American computer programmer, entrepreneur

Peter Mattis is an American computer programmer, entrepreneur, and business executive. He is the CTO and co-founder for Cockroach Labs, a company he co-founded in 2014. His work as a programmer includes launching GNU Image Manipulation Program (GIMP) while still in college, and assisting the source code development of CockroachDB, the namesake software of Cockroach Labs.

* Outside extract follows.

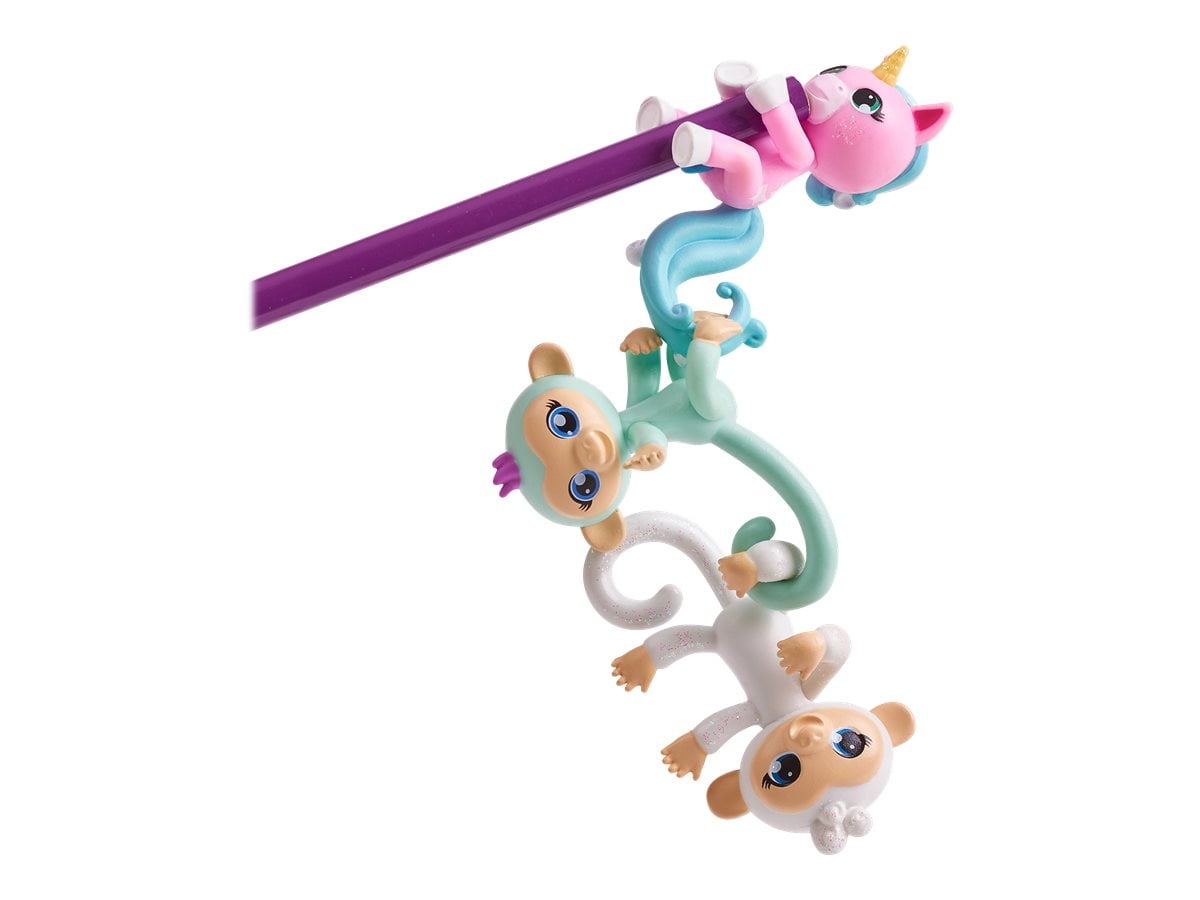 Each Mini Figure Fingerlings Mystery Pack contains one figurine, one tail charm and one bracelet. The newest addition to the WowWees Fingerlings line is this adorable mini. Open your blind bag to find popular, rare, ultra-rare and legendary figures, including either a surprise sloth, monkey or unicorn. Cute little counterparts to their bigger Fingerlings friends, these characters and accessories can be attached to the bracelet. Wear them on your wrist, or even top your pencils with the colorful creatures. Collect all the Fingerlings minis and trade them with friends for extra fun. These packs make ideal birthday party take-home gifts. Mini Figure Fingerlings Mystery Pack: – 1 mini Fingerling blind pack – Rare action figures – Each pack includes one figure, one tail charm and one bracelet – Figure and accessory hook onto bracelet – Collect them all and trade with friendsMini Figure Fingerlings Mystery Pack

==Early life and education==
Mattis attended the University of California at Berkeley. While still a student in 1995, he developed the first version of GNU Image Manipulation Program (GIMP), along with his roommate Spencer Kimball. Mattis was also a member of a student club at Berkeley called the eXperimental Computing Facility (XCF). Mattis graduated from Berkeley in 1997 with a B.S. in Electrical Engineering and Computer Science.

According to Mattis in 1999:
Spencer did much more work on the GIMP proper while I did much more on GTK. This provided a fairly clean break that allowed us to work in parallel fairly easily. I probably wrote 95 percent of the original GTK code. The only widgets I didn't write were the file-selection widget, the text widget, and the rulers.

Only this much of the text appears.